先程までの色仕掛けを引っ込め、駆除人の表情を見せたレキシーの剣幕に押され、ヒューゴも肩をすくませる。
どうやら彼も納得がいったらしい。大人しく席の上へと戻ることになった。
それからカーラは酒を片手にマスターに問い掛けた。

「それで、マスター。ヒューゴさんをどうするつもりですの?」

「どうするって……新入りの害虫駆除人の先生役になってもらいたくって」

「あたしにこいつのお守りをしろっていうのかい!?」

レキシーが声を上げる。だが、マスターは彼女の意見など無視して話を続けていく。

「殺しの技術は身につけているからそこら辺は心配いらんよ。ただ、こいつはなんというか……その」

「マスター、もういいでしょう!こんな挨拶よりもオレは害虫駆除人となった以上、この世に蔓延る寄生虫どもを一刻でも早く駆除したいんです!」

「……ヒューゴさん。あなた、なにか勘違いしているのではなくて?」

カーラは冷たい視線でヒューゴを刺しながら言った。
予想と違う反応を見せたお嬢様にヒューゴは肩をすくめつつも反論を述べた。

「勘違い!?我々の任務は全ての悪を裁く義侠の仕事でしょう!?だというのに……」

「義侠?私たちの仕事はそんな高尚なものではありませんの。
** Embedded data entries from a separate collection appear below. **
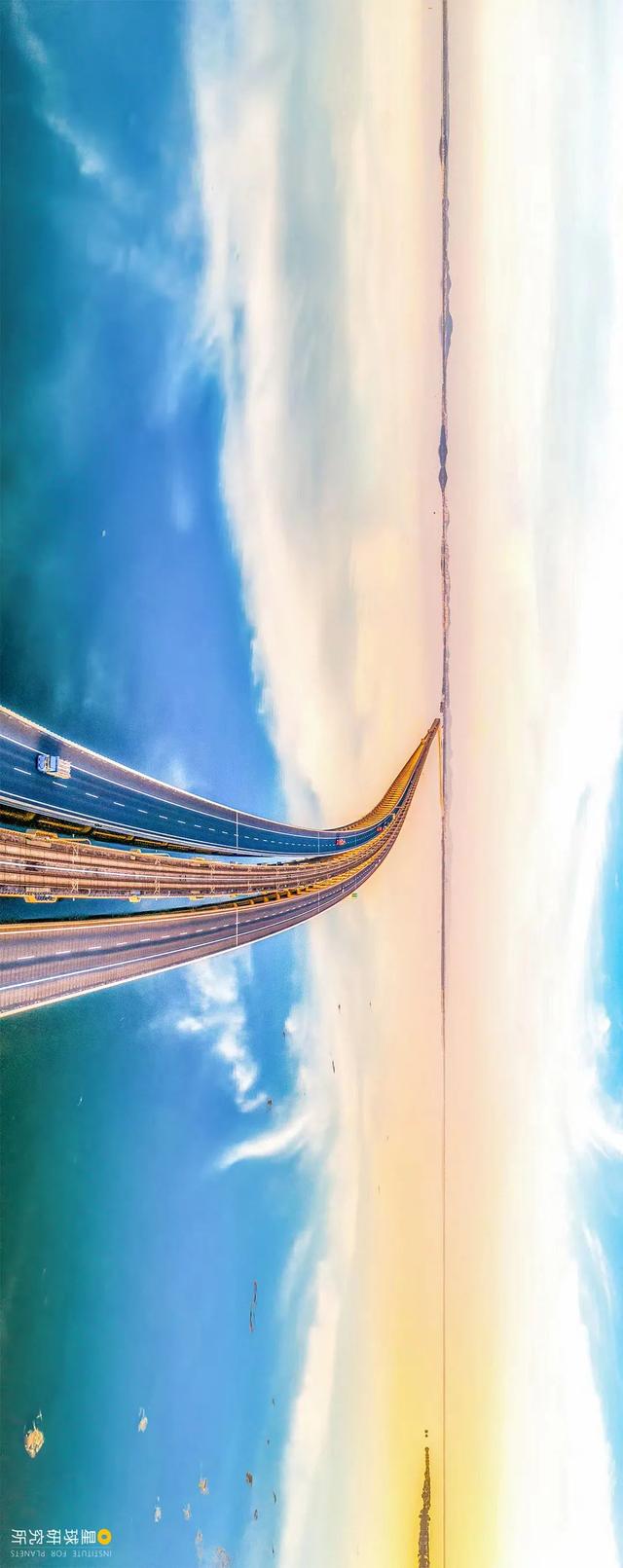 (请横屏观看,江苏南京的淡水湖石臼湖,地铁S9号线和宁高公路特大桥横跨湖面,水光接天,摄影师@熊伟)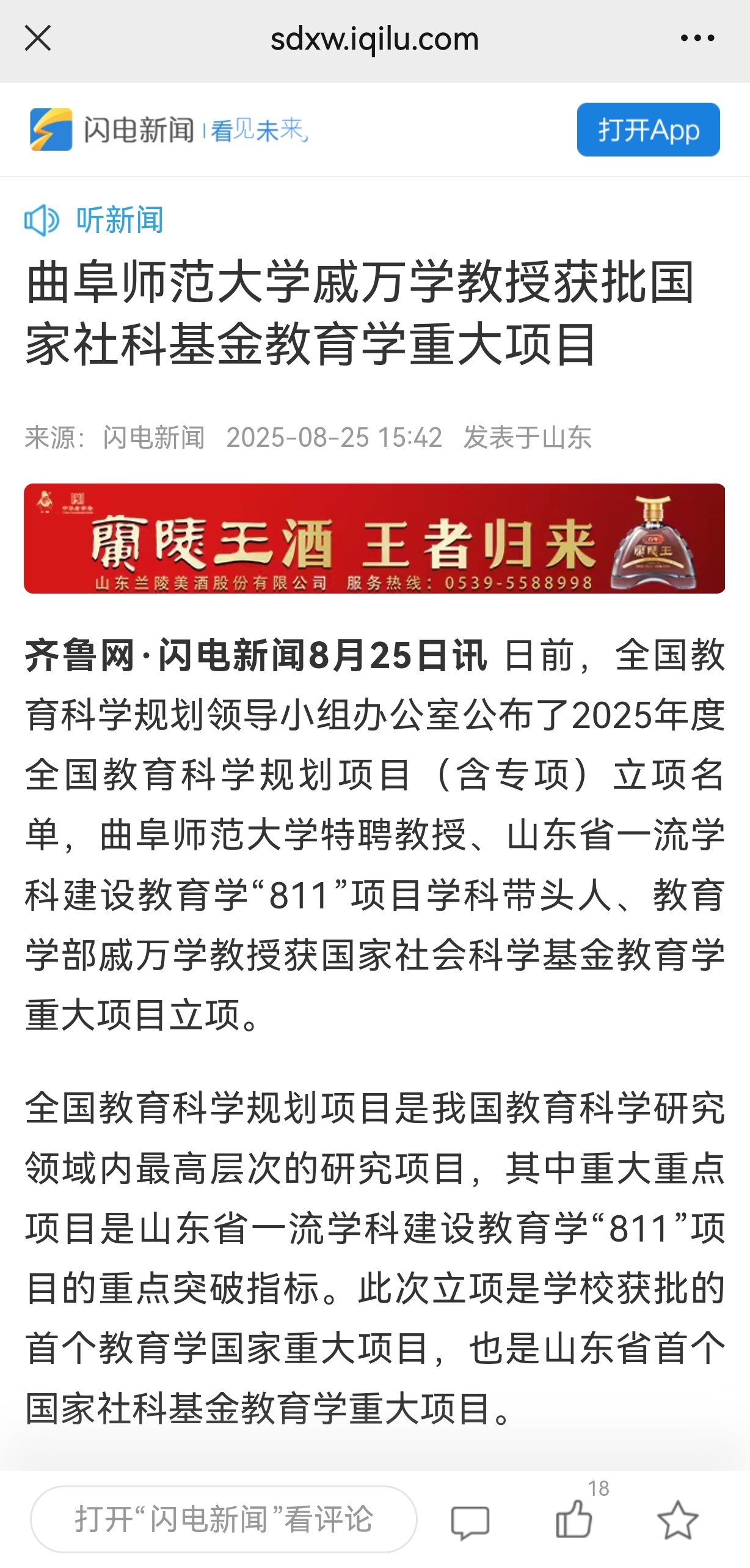 【闪电新闻】完美体育(中国)官方网站戚万学教授获批国家社科基金教育学重大项目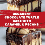 A rich and decadent Chocolate Turtle Cake featuring moist chocolate layers studded with semi-sweet chocolate chips, layered and topped with luscious caramel sauce and crunchy chopped pecans. Perfectly balanced between chocolate and caramel flavors with a delightful crunchy texture, this cake is an indulgent treat for any occasion.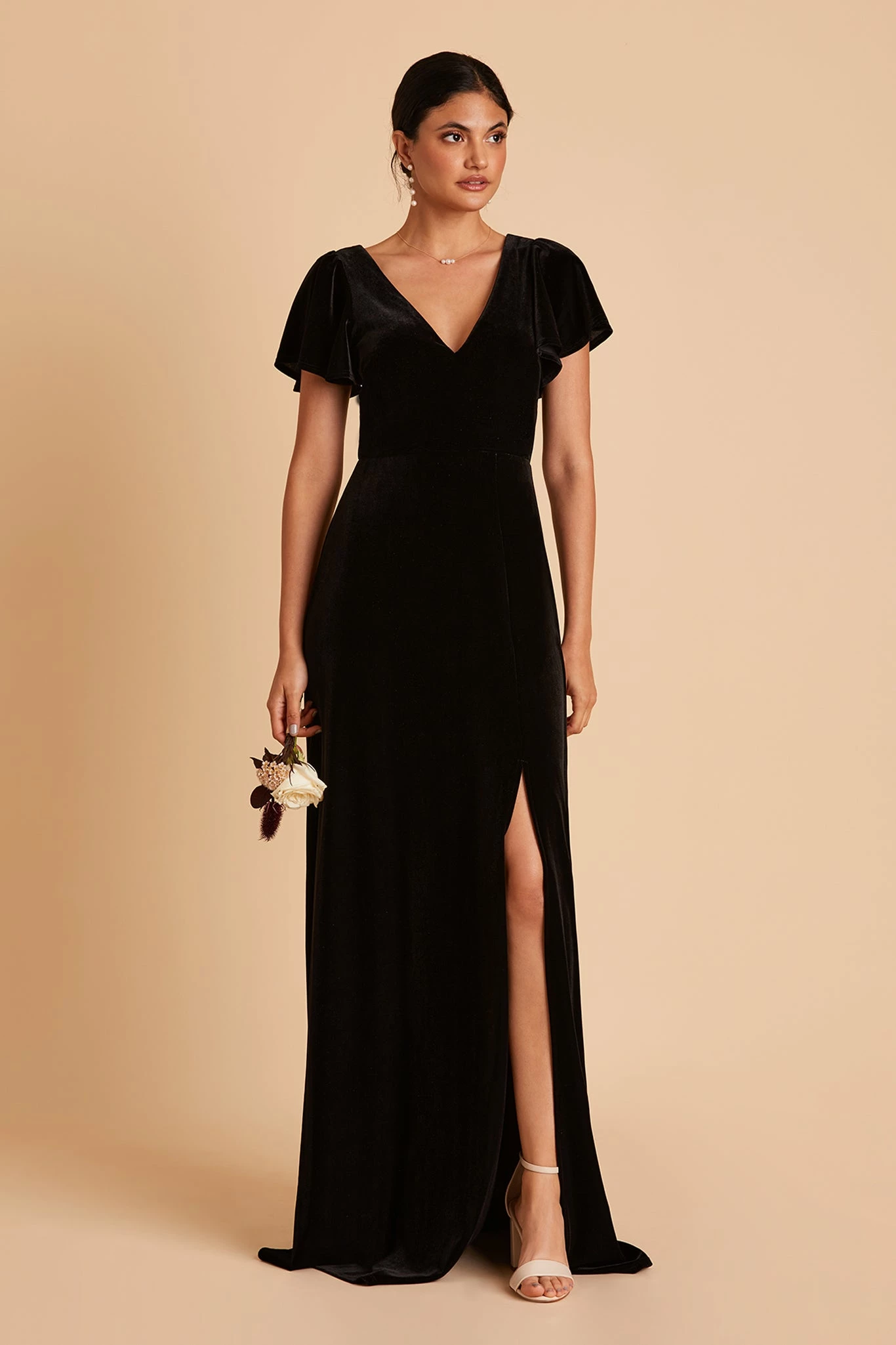 For the girl who loves a little ruffle, we present our Hannah Dress, with an empire waistline and romantic, ruffly sleeves. She features a plunging V front & back, a sexy slit, and a body-skimming silhouette that hugs in all the right places.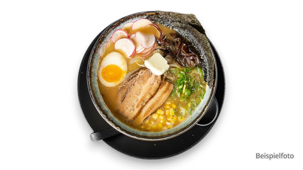 10h gekochte reichhaltige Schweine-Brühe mit Schweinebauch-Chashu, Ei, Kikurage-Pilzen, rotem Ingwer und Narutu-Fischkuchen, ohne Sojasprossen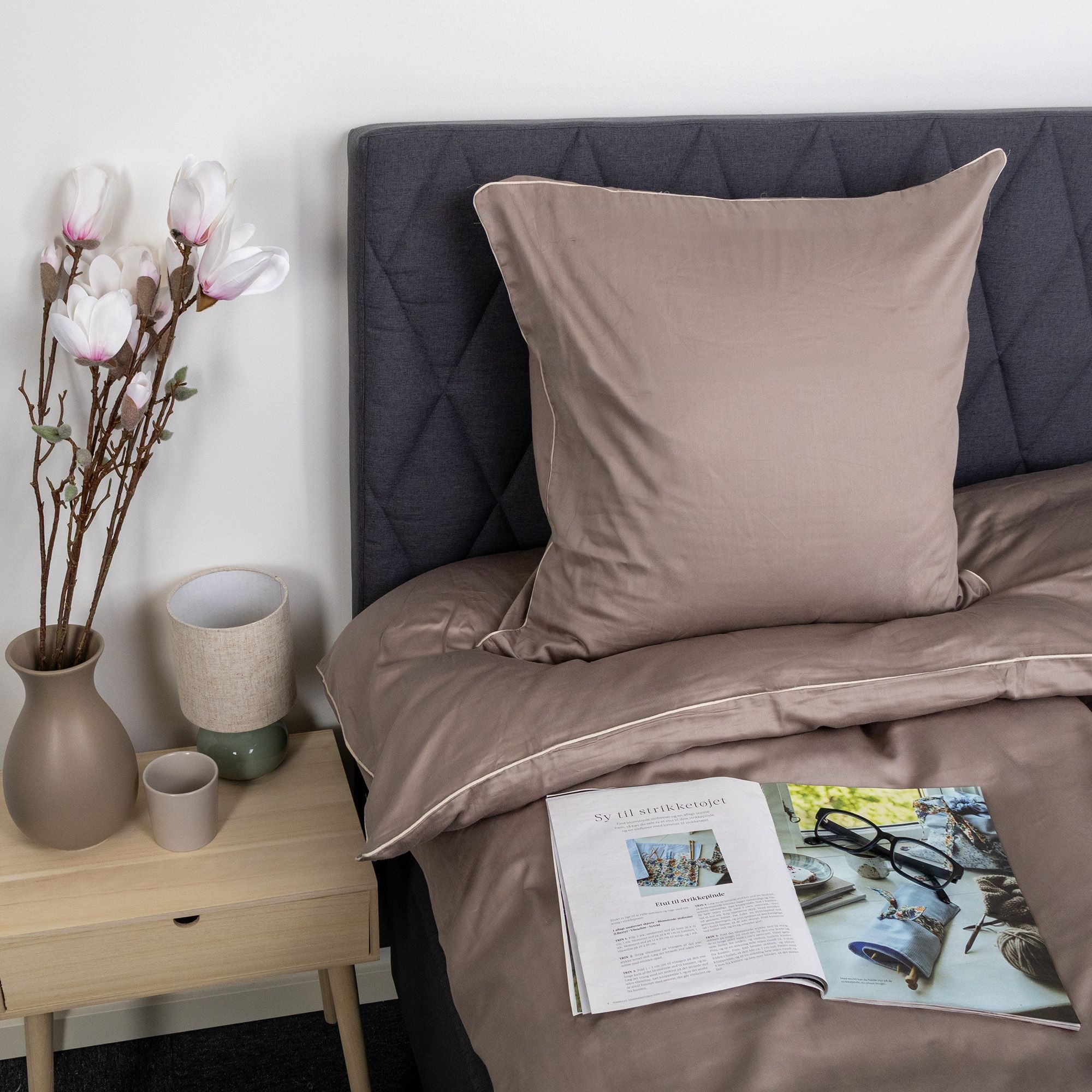 Skab et elegant og luksuriøst udtryk i soveværelset med dette eksklusive sengesæt i 100% bomuldssatin med dekorativ pipingkant fra By Borg. Det ensfarvede design i dyb grå kombineret med en lysere pipingkant tilfører et stilrent og sofistikeret look, der løfter helhedsindtrykket i soveværelset.

亡きお祖父様によれば『駆除人はあくまでも補佐に過ぎない』のですわ」

「補佐?」

「つまりね、正規の取締役のサポートってことだよ自警団や警備隊、それに上の人たちが持て余した悪を人から金をもらって狩るだけの存在ってことさ。表の人たちからは決して褒められない仕事。お世辞にも正義の味方だなんていえない存在……それが駆除人なんだよ」

「お分かりでして?全ての悪を裁く仕事ではありませんわ。でも、あなたの心意気は気に入りました。歓迎致しましょう。新しい駆除人として」

カーラは駆除人の意義を知らされて消沈するヒューゴに向かって手を伸ばして言った。
ヒューゴはその手を受け取り、自身の駆除人としての心を新しく構え直したのであった。